### What is needed
Exactly as they stand, repeat the lines from the one containing "Demonstrate your wife" through the final line of the listing, both ends included, and nothing else; skip the pictures.

### Information shown
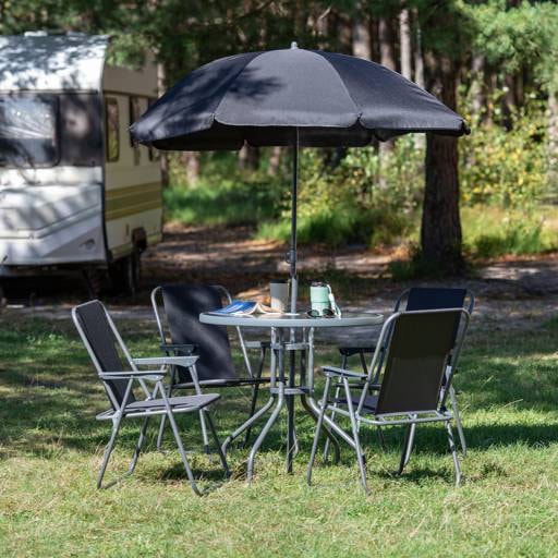 The furniture set is a practical solution for a garden or terrace. The set includes: glass table, 4 folding chairs, and a parasol. Compact, lightweight, and weather-resistant – ideal for outdoor gatherings and meals.
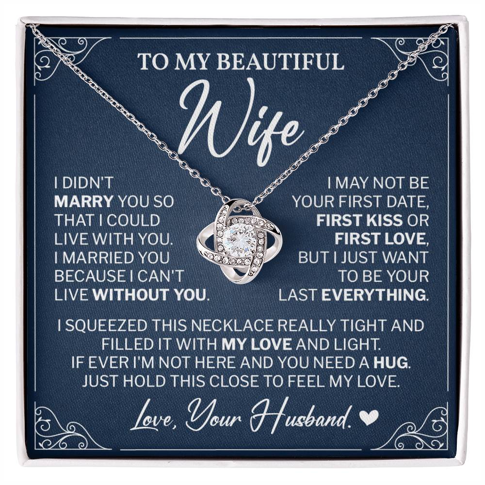 Demonstrate your wife how much you love her with this sophisticated necklace gift set that includes a romantic message card. This classic jewelry was made to be worn on anniversaries, birthdays, or simply because you want to. The sentimental reason why you married her is because it is not only to live with her but because you cannot live without her.
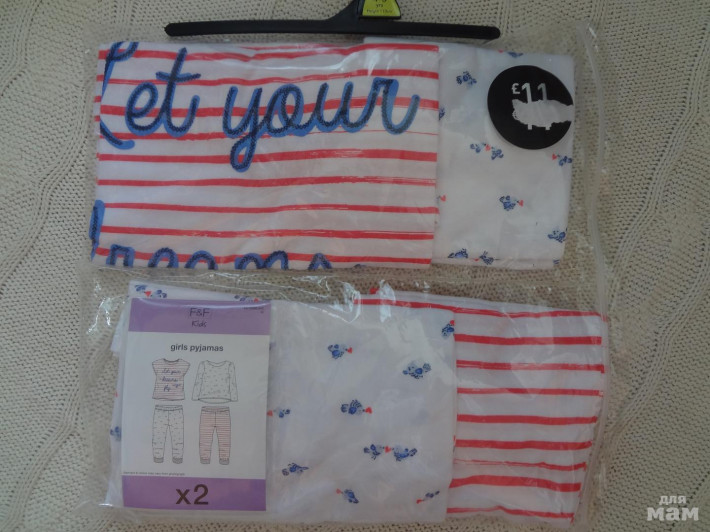 100% хлопок F&F комплект из 2 пижам 1300 руб или по одной 700 руб

### Your solution
 Demonstrate your wife how much you love her with this sophisticated necklace gift set that includes a romantic message card. This classic jewelry was made to be worn on anniversaries, birthdays, or simply because you want to. The sentimental reason why you married her is because it is not only to live with her but because you cannot live without her.
 100% хлопок F&F комплект из 2 пижам 1300 руб или по одной 700 руб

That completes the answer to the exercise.